US 12,242,567 B2
Identifying salient features for generative networks
Willem Bastiaan Kleijn, Eastborne Wellington (NZ); Sze Chie Lim, San Francisco, CA (US); Michael Chinen, El Cerrito, CA (US); and Jan Skoglund, San Francisco, CA (US)
Assigned to Google LLC, Mountain View, CA (US)
Appl. No. 17/250,506
Filed by Google LLC, Mountain View, CA (US)
PCT Filed May 16, 2019, PCT No. PCT/US2019/032665
§ 371(c)(1), (2) Date Jan. 29, 2021,
PCT Pub. No. WO2020/231437, PCT Pub. Date Nov. 19, 2020.
Prior Publication US 2021/0287038 A1, Sep. 16, 2021
Int. Cl. G06N 3/045 (2023.01); G06F 18/2113 (2023.01); G06F 18/213 (2023.01); G06N 3/08 (2023.01); G06N 3/088 (2023.01)

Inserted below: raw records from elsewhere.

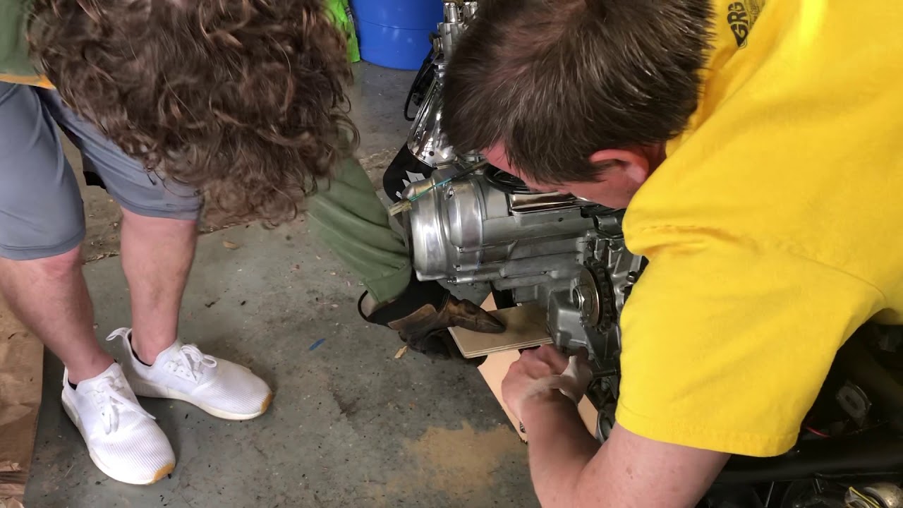 Here are a couple of videos of the engine install. Did scratch the new frame paint a bit. Should have tried to protect it. Oh well, live and learn. I’ve learned so much about this bike in the last 4 weeks. Never took and engine apart past the valve cover before. Never honed a cylinder before. Carb install seems to get easier every time you do it. But no matter how many times I’ve take the exhaust on and off, it’s always a PITA. Using The floor jack to lift the exhaust into place, I actually lifted and dumped the bike over onto the floor, luckily nothing damaged.
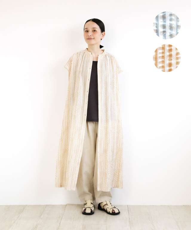波打つようなストライプ柄が印象的な、綿ローンリップル生地を使用しています。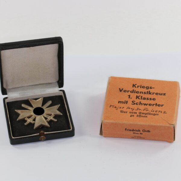 Kriegsverdienstkreuz 1. Klasse mit Schwertern, Hst. 1, im Etui, mit Trägergravur (!)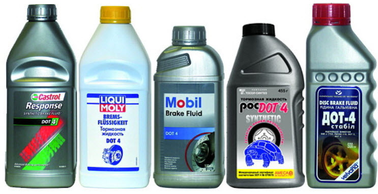 Самой распространённой тормозной жидкостью для автомобилей можно считать изготовленную в рамках стандарта DOT-4. Это гликолевые составы с набором присадок, в частности, снижающими эффект поглощения влаги из воздуха.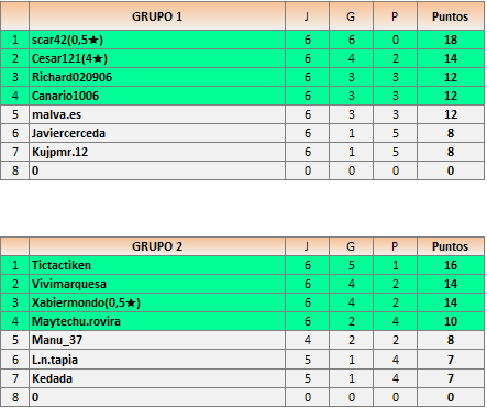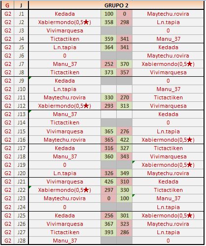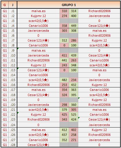 Deja un comentarioEn está página se irán publicando los resultados de las diferentes partidas, siendo ambos jugadores los responsables de subirlos, o comprobando que ya hayan sido subidos, insertando un COMENTARIO en la parte inferior de la pantalla (opción “Deja tu comentario“), indicando el nombre de los dos jugadores y los puntos obtenidos en la partida.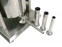Три воронки-цевки из нержавеющей стали с входным диаметром 22, 32, 38 мм и ножная педаль.

CPC G06F 18/213 (2023.01) [G06F 18/2113 (2023.01); G06N 3/045 (2023.01); G06N 3/08 (2013.01); G06N 3/088 (2013.01)] 21 Claims
OG exemplary drawing
 
1. A method for identifying features for a generative network, the method comprising:
obtaining a set of inputs for each clean input in a batch of inputs, the set of inputs including at least one modified input, each modified input being a different modified version of the clean input;
training an encoder having weights to provide features for an input by, for each set of inputs in the batch of inputs:
providing the set of inputs to one or more cloned encoders, each of the one or more cloned encoders sharing the weights and receiving a different respective input of the set of inputs, the encoder being one of the one or more cloned encoders, and
modifying the weights to minimize a global loss function, the global loss function having a first term that maximizes similarity between features for the set of inputs, a second term that maximizes independence and unit-variance within the features generated by the encoder, and a third term that minimizes a reconstruction loss with a target input, derived from the clean input, by mapping, via a decoder, the features generated by the encoder to an output representing a reconstruction of the input;
using the encoder to extract features for a new input as extracted features;
providing the extracted features to the generative network; and
generating audio data or images data using the generative network.